Ultra: largest and most capable model for highly complex tasks, serveable at scale on TPU accelerators
Pro: performance-optimized model in terms of cost and latency with significant performance across a wide range of tasks. This model exhibits strong reasoning performance and broad multimodal capabilities.
Nano: most efficient model for on-device tasks. It is a distilled version of the larger Gemini models and is 4-bit quantized for deployment. It comes in two versions:
Nano-1 (1.8B): for low memory devices
Nano-2 (3.25B): for high memory devices.
Training Dataset
The models are trained on a multimodal and multilingual dataset comprising data from web documents, books, and code, including image, audio, and video data. The datasets were filtered for quality using both heuristics and model-based classifiers. Safety filters were also applied to remove harmful content. The final data mixtures and weights were determined through ablations on smaller models. It was found that data quality is critical for a highly-performing model, and finding the optimal dataset distribution for pretraining remains an interesting challenge.
Evaluation
Gemini was evaluated on various tasks, ranging from general capabilities, math, and coding to reasoning. The models’ performance was compared to a suite of external LLMs, such as GPT-4/GPT-3.5, Claude 2, LLAMA-2, Inflection-2, Grok 1, and PALM 2L. Fig. 2 below shows the Gemini Ultra performance on text benchmarks compared to GPT-4.

Gemini Ultra scores 90% on MMLU(massive multitask language understanding), which uses a combination of 57 subjects such as math, physics, history, law, medicine and ethics for testing both world knowledge and problem-solving abilities, outperforming human experts who score 89.8%. It was found that Gemini performs better when used with chain-of-thought prompting. The model produces a chain of thought with k = 8 or 32 samples. If there is a consensus above a threshold (chosen based on the validation split), it selects this answer; otherwise, it reverts to a greedy sample based on maximum likelihood choice without chain-of-thought.

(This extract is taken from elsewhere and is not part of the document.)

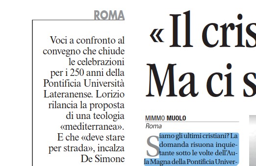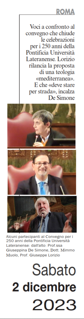 Di Mimmo Muolo, su Avvenire di Sabato 2 Dicembre 2023. Siamo gli ultimi cristiani? La domanda risuona inquietante sotto le volte dell’Aula Magna della Pontificia Università Lateranense. Ma non è uno scenario apocalittico quello si delinea nel corso del convegno organizzato per concludere le celebrazioni dei 250 anni dell’Ateneo dei Papi. Tutt’altro. Anzi come riassume nelle sue conclusioni monsignor Giuseppe Lorizio, che alla Lateranense è professore emerito di teologia fondamentale, può costituire l’occasione per «ripensare l’annuncio del Vangelo nella storia e il ruolo della teologia nell’ambito della nuova evangelizzazione». La domanda era stata posta nella sua relazione da un altro teologo, Brunetto Salvarani. Lorizio nelle sue conclusioni aggiunge una postilla al quesito: «Visto che in altri contesti il cristianesimo fiorisce, siamo forse gli ultimi cristiani del mondo occidentale? Se, erroneamente, identificassimo il cristianesimo con l’Occidente, finito il secondo, dovremmo decretare anche la fine del primo. Ma pur non essendo così, la questione non è da poco, poiché il cristianesimo occidentale non va abbandonato. Grazie alla molteplicità delle sue radici culturali (Roma, Atene, Gerusalemme), esso ci salva infatti dal pericolo del fondamentalismo». E qui viene in primo piano la teologia, cioè quell’intelligenza della fede che permette di avere uno sguardo profondo sul presente e sul futuro, senza cedere ai rischi di un certo politically correct cucinato in salsa ecclesiale. Come ha fatto notare il prorettore Riccardo Ferri, la riflessione teologica articolata attorno a due fuochi, il kerygma (primo annuncio) e il kairos («tempo opportuno, con le sue istanze e provocazioni»), attraverso il contributo dei quattro relatori coinvolti (oltre a Salvarani e Lorizio, anche Elizabeth Green e Kurt Appel) ha permesso di mettere a fuoco alcune problematiche di fondo. La necessaria risposta alle paure degli uomini e delle donne del nostro tempo, ad esempio; l’annuncio originario di Gesù risorto di fronte alle sfide che la natura, spesso stravolta con le catastrofi che ne conseguono, e i rapporti umani, spesso distorti con le guerre e i conflitti che ne derivano, impongono al pensiero credente; il rapporto tra il maschile e il femminile nella Chiesa, oltre che nella società. Soprattutto, però, va intercettata la ricerca di senso che sale dal vissuto di ogni giorno. Per la teologa Giuseppina De Simone, «la teologia deve stare per strada», al fine di riconoscere nella vita delle persone l’azione di Dio, spesso silenziosa e misteriosa», ma non per questo meno reale. Da questa «azione della grazia ha aggiunto la studiosa – nessuno è escluso, perché Dio è vicino a tutti». Tocca dunque al teologo, riconoscere quel «brusio degli angeli» e quelle «tracce di trascendenza» che possono spuntare dove meno te lo aspetti. A tal proposito, De Simone, riprendendo la metafora di un libro di Lorizio, ha ricordato che l’opera dei teologi e delle teologhe è come quella di una spigolatrice, che va cercando i semi del Verbo dispersi nell’esistenza, «perché anche da questi semi si può ricavare il pane della vita». Nel corso della tavola rotonda sul tema “Credere nel tempo oltre il tempo”, è stato poi sottolineato anche il rapporto necessario con le realtà ultime. «Tempo ed eternità – ha ricordato il cristologo Leonardo Paris – non sono in rapporto dialettico fra loro nella visione cristiana, ma in relazione. Il tempo infatti viene da Dio e a Dio ritorna. E anche su questa prospettiva va effettuato un nuovo lavoro teologico». Specie alla luce della filosofia moderna e contemporanea, che sembra aver chiuso invece il Cielo sopra la testa dell’uomo, e di quella che è stata definita la «la metamorfosi di Dio» nel sentire comune (sostituzione di un vago spiritualismo all’idea cristiana di un Dio personale, cioè di un Tu con il quale dialogare). Lo studioso di Hegel, Pierluigi Valenza, ha notato che oggi «il Cielo va colto negli occhi dell’altro» e che proprio perché siamo tutti sotto lo stesso cielo, va pensata una «trascendenza dell’alterità», fondamentale per costruire rapporti più umani. Alla giornata di studio hanno portato il loro saluto e contributo il rettore della Lateranense, monsignor Alfonso Amarante e il decano della Facoltà teologica Angelo Lameri. Una facoltà che sui temi della “teologia evangelizzante”, come direbbe papa Francesco, è all’avanguardia. Monsignor Lorizio ha citato a tal proposito alcuni lavori concernenti la transizione digitale e la sua valenza metafisica e teologica (tra gli altri i dottorati di Marco Staffolani sul principio di causalità e di Giovanni Amendola sulla ragione all’altezza dell’umano), rilanciando poi da un lato la proposta di una teologia mediterranea («siamo ancora troppo tributari di quella tedesca»), dall’altro «l’urgenza, di abitare teologicamente il tempo che ci separa dalla prossima seduta sinodale, offrendo da parte di chi si occupa professionalmente dell’intelligenza della fede contributi relativi allo sviluppo della dottrina cristiana, secondo il dettato di John Henry Newman».

Gemini was also evaluated on multimodal capabilities:
high-level object recognition using captioning or question-answering tasks such as VQAv2
fine-grained transcription using tasks such as TextVQA and DocVQA requiring the model to recognize low-level details
chart understanding requiring spatial understanding of input layout using ChartQA and InfographicVQA tasks
multimodal reasoning using tasks such as Ai2D, MathVista, and MMMU
Fig. 3 presents the performance of Gemini Ultra in comparison with other LLMs (e.g., GPT-4V, Whisper, Flamingo). Gemini achieves a state-of-the-art score of 59.4% on the new MMMU benchmark, consisting of multimodal tasks spanning different domains requiring deliberate reasoning.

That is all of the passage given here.